_TASK OBJECTIVE_. When copying the data below, keep only the lines from the one with "¹× º¸È£¿¬À徯µ¿ µîÀÌ´Ù." through the one with "突出重点强化集中宣传。4月1", word for word, and skip the pictures.

_MATERIAL PROVIDED_.
»»

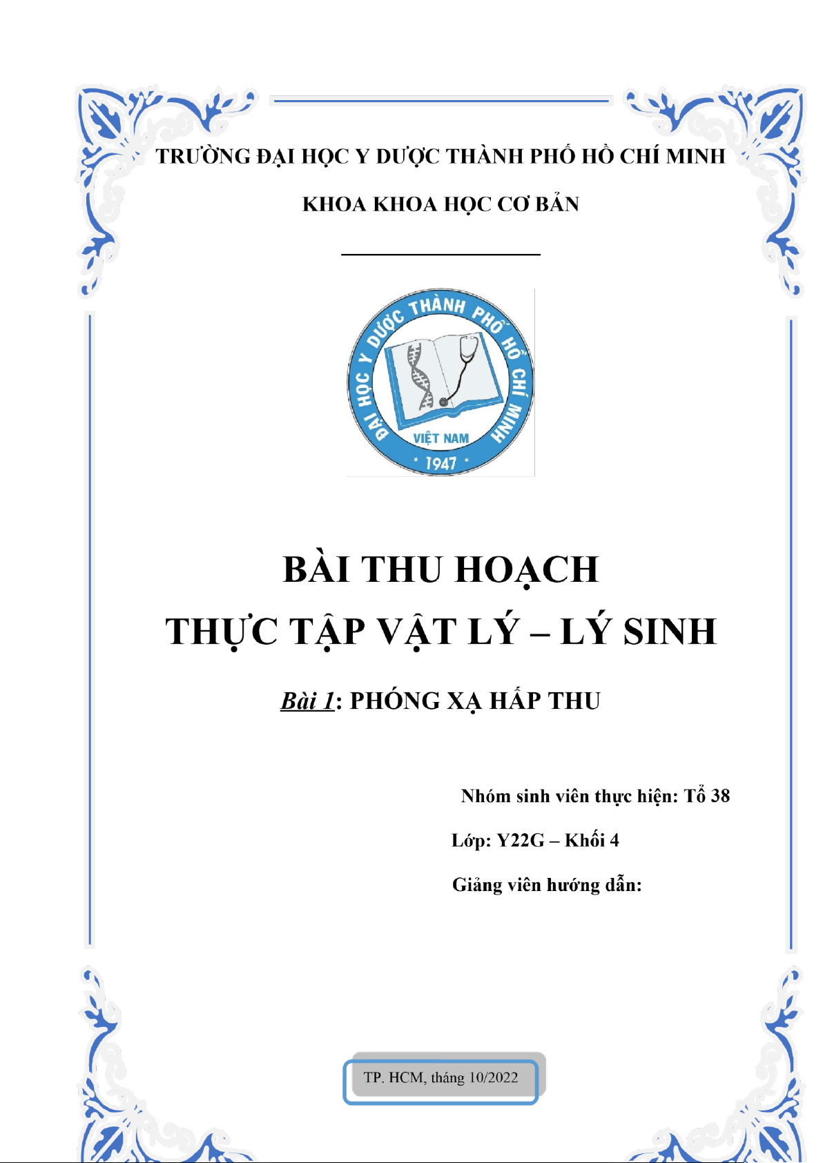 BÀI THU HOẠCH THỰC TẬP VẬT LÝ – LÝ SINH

««
»»

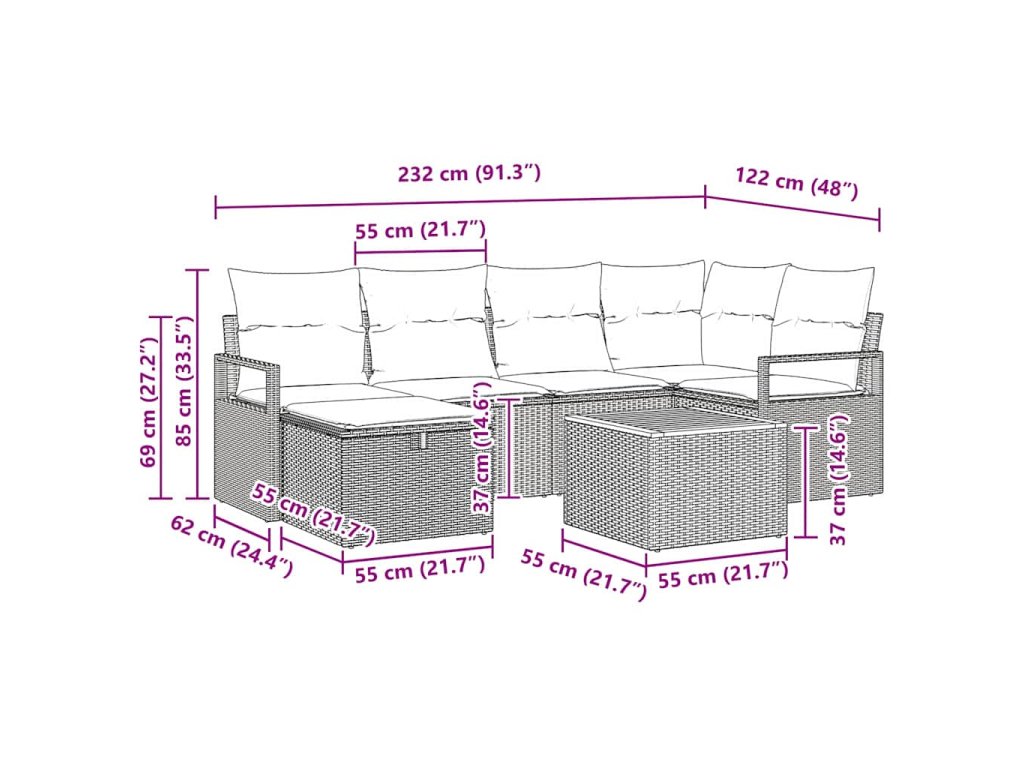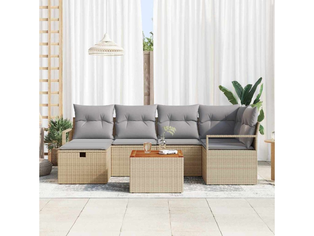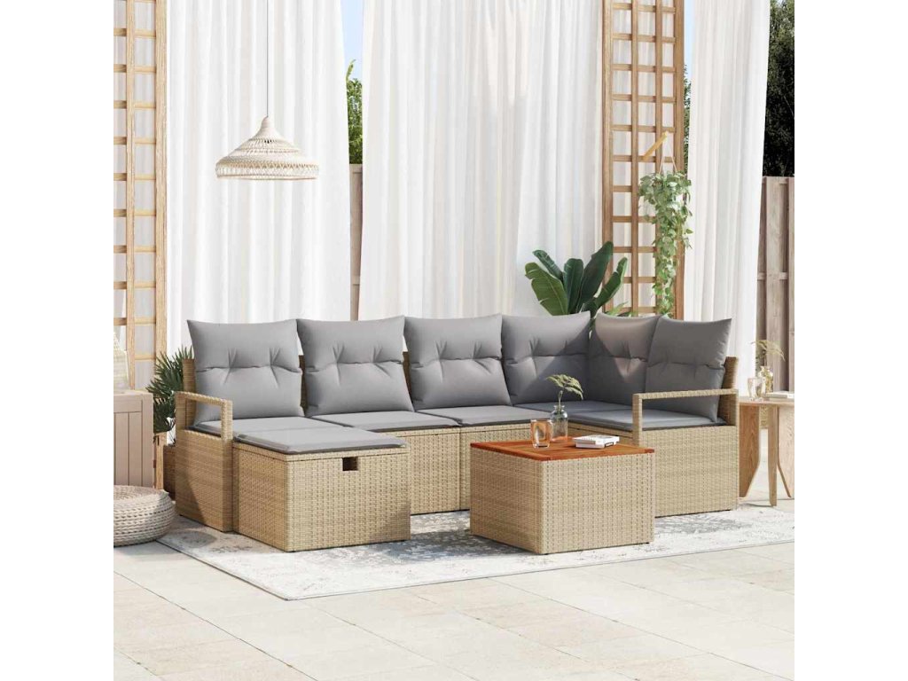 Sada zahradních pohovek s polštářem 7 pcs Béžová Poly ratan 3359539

««
»»

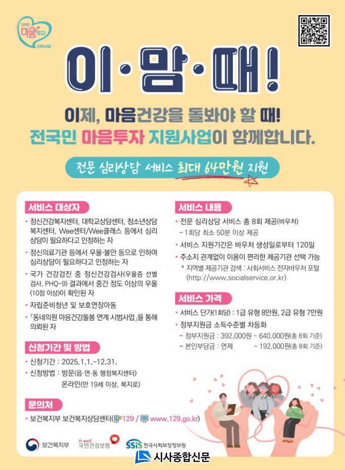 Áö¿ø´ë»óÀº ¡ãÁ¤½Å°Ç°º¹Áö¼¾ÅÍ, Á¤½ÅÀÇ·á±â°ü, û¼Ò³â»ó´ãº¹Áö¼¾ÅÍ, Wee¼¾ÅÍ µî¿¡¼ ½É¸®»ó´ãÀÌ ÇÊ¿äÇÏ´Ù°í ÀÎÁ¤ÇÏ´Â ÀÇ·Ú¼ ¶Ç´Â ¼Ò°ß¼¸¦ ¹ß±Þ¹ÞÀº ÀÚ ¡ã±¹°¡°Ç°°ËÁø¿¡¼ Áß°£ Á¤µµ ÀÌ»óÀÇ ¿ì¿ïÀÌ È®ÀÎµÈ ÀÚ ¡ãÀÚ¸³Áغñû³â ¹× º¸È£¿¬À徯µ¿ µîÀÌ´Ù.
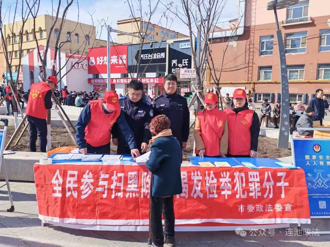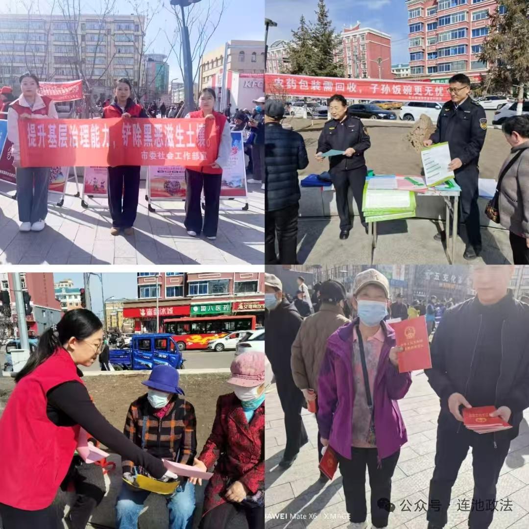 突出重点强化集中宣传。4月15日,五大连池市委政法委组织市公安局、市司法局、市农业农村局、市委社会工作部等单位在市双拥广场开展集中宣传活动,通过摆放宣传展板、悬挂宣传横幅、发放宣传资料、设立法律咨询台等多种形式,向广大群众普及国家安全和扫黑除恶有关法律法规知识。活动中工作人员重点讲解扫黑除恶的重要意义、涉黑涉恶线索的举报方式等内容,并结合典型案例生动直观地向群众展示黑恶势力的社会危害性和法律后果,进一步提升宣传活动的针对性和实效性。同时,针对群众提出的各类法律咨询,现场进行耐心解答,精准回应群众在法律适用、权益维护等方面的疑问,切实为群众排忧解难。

««

_WRITTEN RESPONSE_.
 Áö¿ø´ë»óÀº ¡ãÁ¤½Å°Ç°º¹Áö¼¾ÅÍ, Á¤½ÅÀÇ·á±â°ü, û¼Ò³â»ó´ãº¹Áö¼¾ÅÍ, Wee¼¾ÅÍ µî¿¡¼ ½É¸®»ó´ãÀÌ ÇÊ¿äÇÏ´Ù°í ÀÎÁ¤ÇÏ´Â ÀÇ·Ú¼ ¶Ç´Â ¼Ò°ß¼¸¦ ¹ß±Þ¹ÞÀº ÀÚ ¡ã±¹°¡°Ç°°ËÁø¿¡¼ Áß°£ Á¤µµ ÀÌ»óÀÇ ¿ì¿ïÀÌ È®ÀÎµÈ ÀÚ ¡ãÀÚ¸³Áغñû³â ¹× º¸È£¿¬À徯µ¿ µîÀÌ´Ù.
 突出重点强化集中宣传。4月15日,五大连池市委政法委组织市公安局、市司法局、市农业农村局、市委社会工作部等单位在市双拥广场开展集中宣传活动,通过摆放宣传展板、悬挂宣传横幅、发放宣传资料、设立法律咨询台等多种形式,向广大群众普及国家安全和扫黑除恶有关法律法规知识。活动中工作人员重点讲解扫黑除恶的重要意义、涉黑涉恶线索的举报方式等内容,并结合典型案例生动直观地向群众展示黑恶势力的社会危害性和法律后果,进一步提升宣传活动的针对性和实效性。同时,针对群众提出的各类法律咨询,现场进行耐心解答,精准回应群众在法律适用、权益维护等方面的疑问,切实为群众排忧解难。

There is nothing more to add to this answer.